» **What is required**:
Among the entries below, only the lines from the one with "Σύμφωνα με πρόβλεψη" through the one with "KSIBNW 12V COB" are to be retyped, exactly and without pictures.

» **Information given**:
--------------------------------
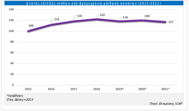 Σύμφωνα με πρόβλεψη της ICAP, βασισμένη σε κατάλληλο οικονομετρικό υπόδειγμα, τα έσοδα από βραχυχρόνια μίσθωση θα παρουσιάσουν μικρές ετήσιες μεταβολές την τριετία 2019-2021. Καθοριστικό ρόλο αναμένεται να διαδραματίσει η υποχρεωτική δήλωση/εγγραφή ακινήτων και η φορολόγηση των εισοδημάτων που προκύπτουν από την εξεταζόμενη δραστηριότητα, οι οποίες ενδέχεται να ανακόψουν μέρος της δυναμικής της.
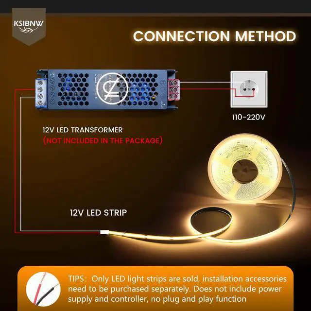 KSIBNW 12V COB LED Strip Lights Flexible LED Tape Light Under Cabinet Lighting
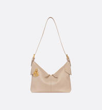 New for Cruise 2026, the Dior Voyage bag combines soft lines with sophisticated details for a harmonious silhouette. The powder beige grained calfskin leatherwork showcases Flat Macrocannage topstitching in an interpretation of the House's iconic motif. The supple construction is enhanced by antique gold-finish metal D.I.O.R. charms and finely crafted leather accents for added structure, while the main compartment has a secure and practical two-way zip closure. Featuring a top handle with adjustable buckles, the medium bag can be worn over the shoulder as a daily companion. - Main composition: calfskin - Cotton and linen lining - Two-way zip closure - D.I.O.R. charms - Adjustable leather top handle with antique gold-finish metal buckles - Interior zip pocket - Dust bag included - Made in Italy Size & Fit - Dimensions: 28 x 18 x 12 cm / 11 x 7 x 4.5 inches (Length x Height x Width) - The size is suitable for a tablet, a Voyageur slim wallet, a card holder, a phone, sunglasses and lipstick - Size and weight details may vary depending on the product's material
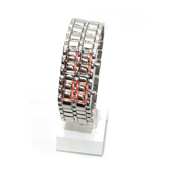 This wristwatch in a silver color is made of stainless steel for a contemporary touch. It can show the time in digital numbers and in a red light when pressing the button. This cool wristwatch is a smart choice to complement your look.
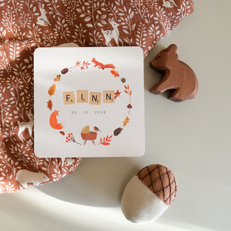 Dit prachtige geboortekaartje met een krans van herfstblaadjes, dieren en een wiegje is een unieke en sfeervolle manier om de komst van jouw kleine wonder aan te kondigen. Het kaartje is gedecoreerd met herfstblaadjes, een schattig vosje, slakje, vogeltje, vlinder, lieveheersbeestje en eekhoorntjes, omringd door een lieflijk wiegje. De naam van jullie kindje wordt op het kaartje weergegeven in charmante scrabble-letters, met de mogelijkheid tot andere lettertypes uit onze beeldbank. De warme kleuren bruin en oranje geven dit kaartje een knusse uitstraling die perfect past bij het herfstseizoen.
--------------------------------
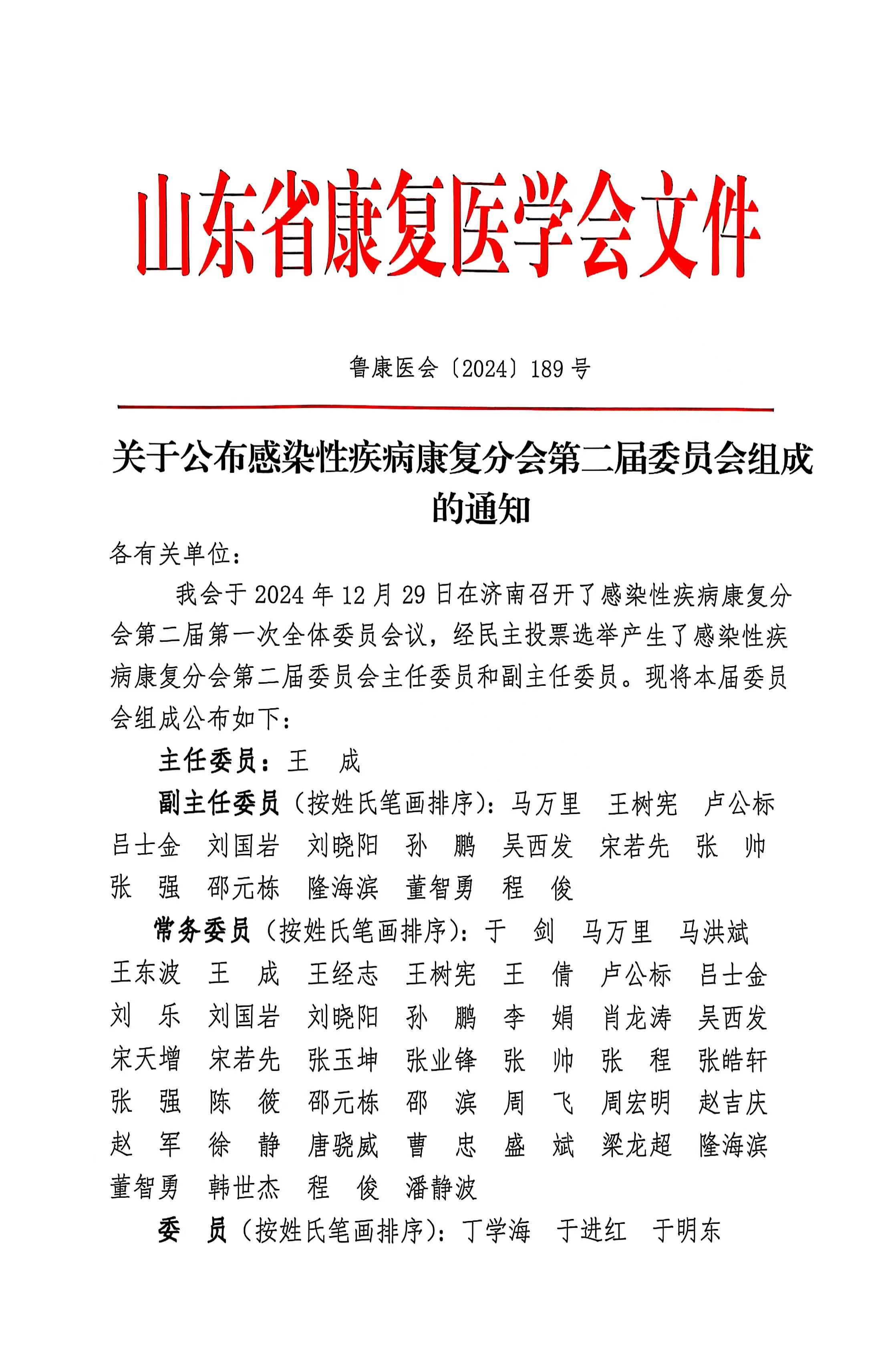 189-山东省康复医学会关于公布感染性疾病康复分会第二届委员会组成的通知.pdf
--------------------------------
» **Worked solution**:
 Σύμφωνα με πρόβλεψη της ICAP, βασισμένη σε κατάλληλο οικονομετρικό υπόδειγμα, τα έσοδα από βραχυχρόνια μίσθωση θα παρουσιάσουν μικρές ετήσιες μεταβολές την τριετία 2019-2021. Καθοριστικό ρόλο αναμένεται να διαδραματίσει η υποχρεωτική δήλωση/εγγραφή ακινήτων και η φορολόγηση των εισοδημάτων που προκύπτουν από την εξεταζόμενη δραστηριότητα, οι οποίες ενδέχεται να ανακόψουν μέρος της δυναμικής της.
 KSIBNW 12V COB LED Strip Lights Flexible LED Tape Light Under Cabinet Lighting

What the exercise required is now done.